Крепкий утренник сковал снова начавшие было расползаться последние ледяные залысины. Выпавший с вечера обильный снег к полудню растаял на открытых местах, в густом лесу его кружево все еще покоилось на тонком, местами толщиной в картонный лист, но твердом ледяном панцире. Лихая фронтовая дорога, изжевавшая не одну луговину на добрых полсотни метров в ту и другую сторону, в лесу притихла, втянулась в свое русло, сузилась до предела, стиснутая с боков замшелыми деревьями. От тесноты она поминутно петляла, то уходя от объятий старухи-ели, то уклоняясь от встречи с могучим дубом; лошади пугались, фыркали и спотыкались, носилки встряхивало, голова полковника с белым, словно обсыпанным мукой, лицом и прилипшими ко лбу мокрыми волосами, беспомощно моталась из стороны в сторону. Рыбаков наотмашь хлестал нагайкой по взмыленным крупам лошадей и матерился сквозь зубы, Бовин боязливо помалкивал.
Скоро лес кончился, всадники выехали на опушку, с которой была хорошо видна ломаная линия траншей с редкими дымками костров, нежнозелеными ковриками молодой травы, черными дырами воронок в них и расплывшимися грязными пятнами в местах стоянки походных кухонь. За десять-двенадцать пасмурных дней братья-славяне успели позабыть об авиации противника…

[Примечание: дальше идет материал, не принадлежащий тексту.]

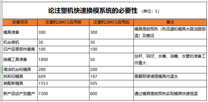 注塑機(jī)快速換模系統(tǒng)應(yīng)用換模時(shí)間對(duì)比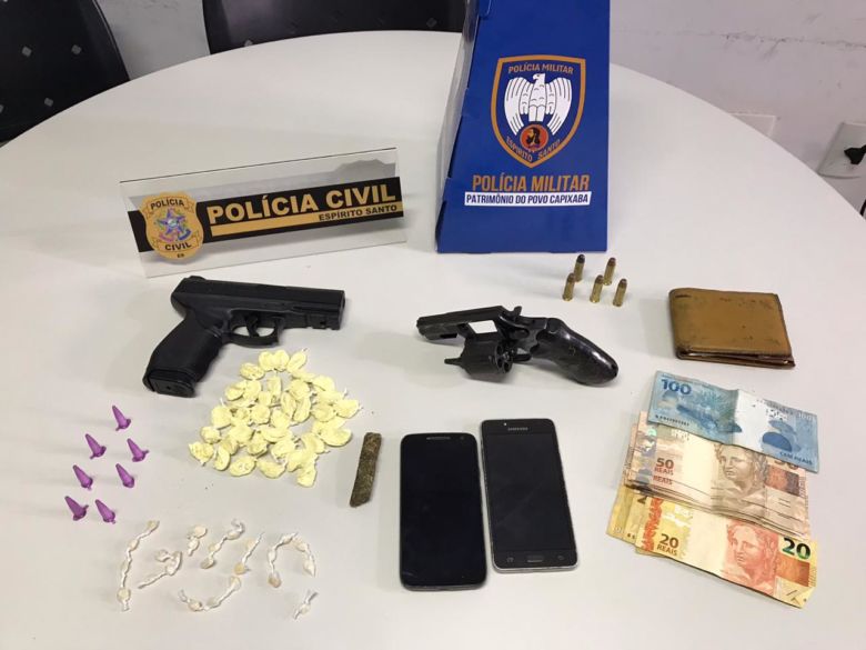 Durante Operação Sentinela, realizada no Recanto do Sol, em Anchieta, pela 10ª Companhia Independente da Polícia Militar, 10ª Delegacia Regional de Anchieta e a K9 do 10° Batalhão da Polícia Militar, foram cumpridos 2 mandados de busca e apreensão e 1 mandado de prisão. Onde foi logrado êxito na detenção de 2 indivíduos com os seguintes materiais: 1 revólver .38, 5 munições .38, 1 simulacro de pistola, 7 pinos de cocaína, 1 pedaço de maconha, R$790,00 em espécie, 37 papelotes de cocaína, 24 pedras de crack e 2 celulares. Vale ressaltar que o alvo com mandado de prisão não foi localizado. Os detidos foram autuados em flagrante delito.

– Вот и довезли, – довольно начал Рыбаков, отирая пот фуражкой с зеленым верхом, но Бовин строго оборвал его:
– Полковник умирает.
Рыбаков скатился с игреневого жеребца, подошел к носилкам. Борис Митрофанович слабо повел в его сторону белками глаз, едва заметно шевельнул пепельно-серыми губами. Бовин с готовностью подался вперед, но Рыбаков отстранил его.

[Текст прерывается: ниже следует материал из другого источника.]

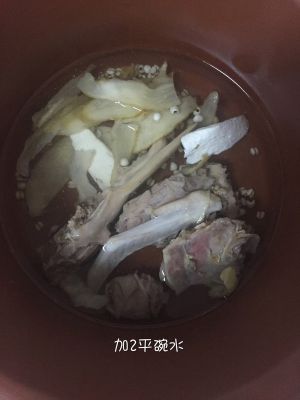 将所有材料放入煲中,加2平碗水(一个人的份量喝),调开关中档4.5小时,也可高火煮开,调成小火2小时。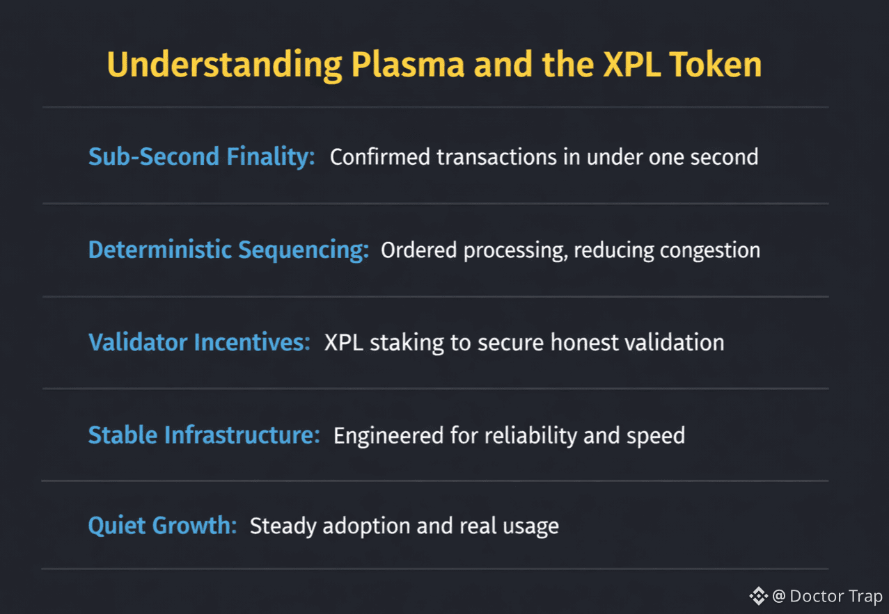 When I step back, XPL feels less like a speculative asset and more like a system component. It secures sequencing, finality, and governance without demanding attention. I’ve watched tokens fail when they tried to do too much. Plasma keeps XPL focused. That focus supports sub second finality by keeping incentives clean. No excess, no noise.

– Отойди, медицина, твое время кончилось.
Отстегнув от пояса флягу, он влил несколько капель водки в почти безжизненный рот полковника. И произошло чудо: глаза раненого ожили, нижняя челюсть подобралась, губы сжались. Поляков медленно поднял руку, согнутой кистью указал на карман гимнастерки. Рыбаков понимающе кивнул, расстегнул пуговицу, достал тонкую пачку документов, завернутых в проолифованную бумагу.
– Ясно, товарищ полковник. Как прибудем, я вас в медсанбат доставлю, а документ отдам как положено…

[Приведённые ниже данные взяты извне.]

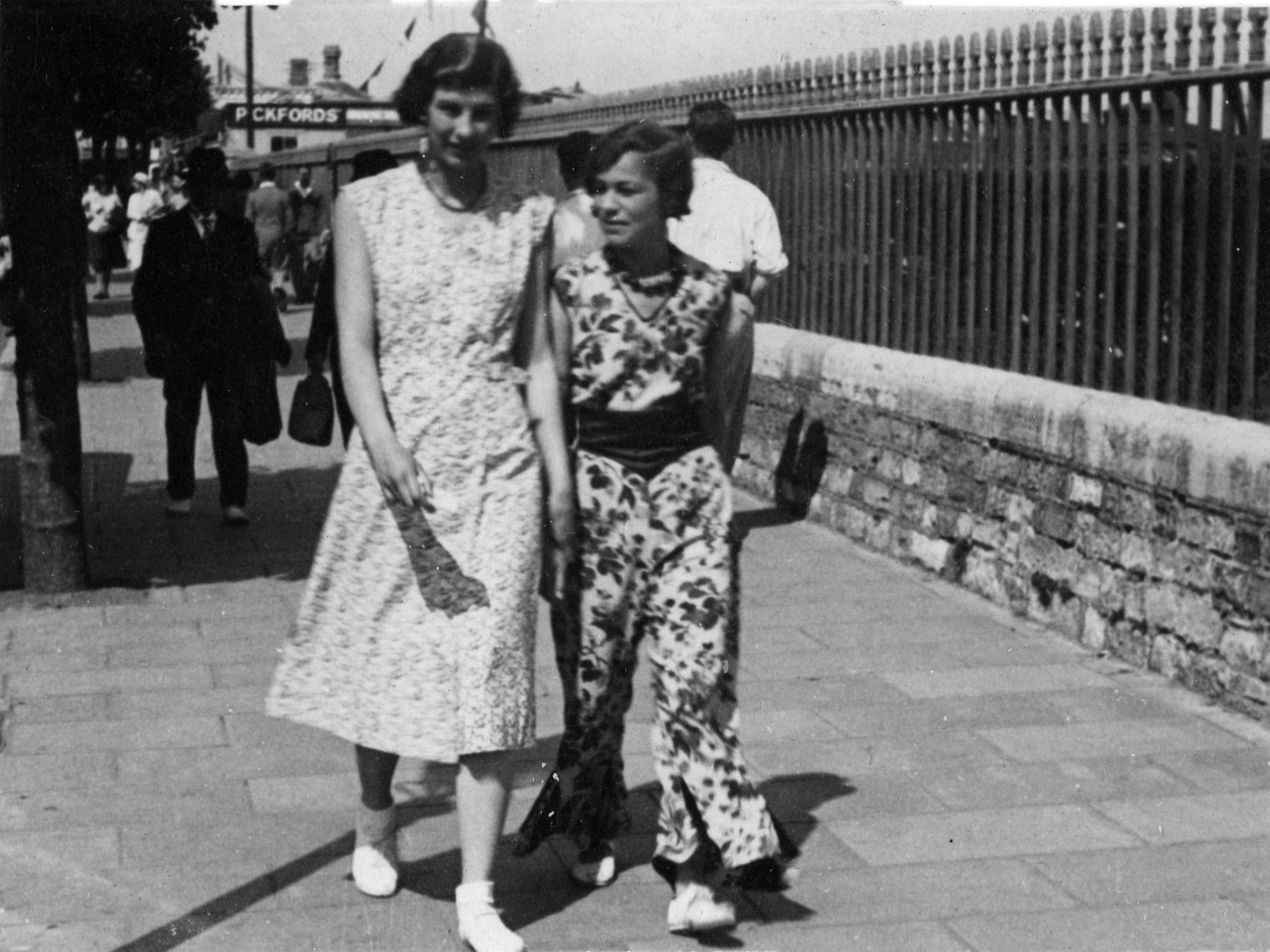 Circa 1933 Dorothy PERKINS walking down a high street with a friend

Поляков остановил его взглядом. Едва слышно произнес:
– Там… достань…
Рыбаков торопливо развернул бумагу. Из свертка выпала фотография молодой женщины в коротком летнем платье и светлой косынке.
– Это?
Полковник с полминуты напряженно вглядывался, затем благодарно опустил веки.
Бовин зашел с другой стороны, взглянул. С фотографии на него смотрела, улыбаясь полным белозубым ртом его начальница, военврач второго ранга Полякова, только не в военной форме, а в гражданской одежде с большим букетом полевых ромашек в руках.
Когда он снова перевел взгляд на полковника, тот был уже мертв.
Сержант и солдат сняли каски, потом Рыбаков двумя пальцами, еще не отмытыми от крови двух живых существ, закрыл глаза полковнику, как это делали у него на родине в деревне. Сделав это, он поднял автомат и дал короткую очередь в воздух. Возле траншей всполошились, дремавшие на солнышке часовые повскакали, раздались беспорядочные выстрелы, потом заработал станковый пулемет и над головами санинструктора и сержанта запели пули.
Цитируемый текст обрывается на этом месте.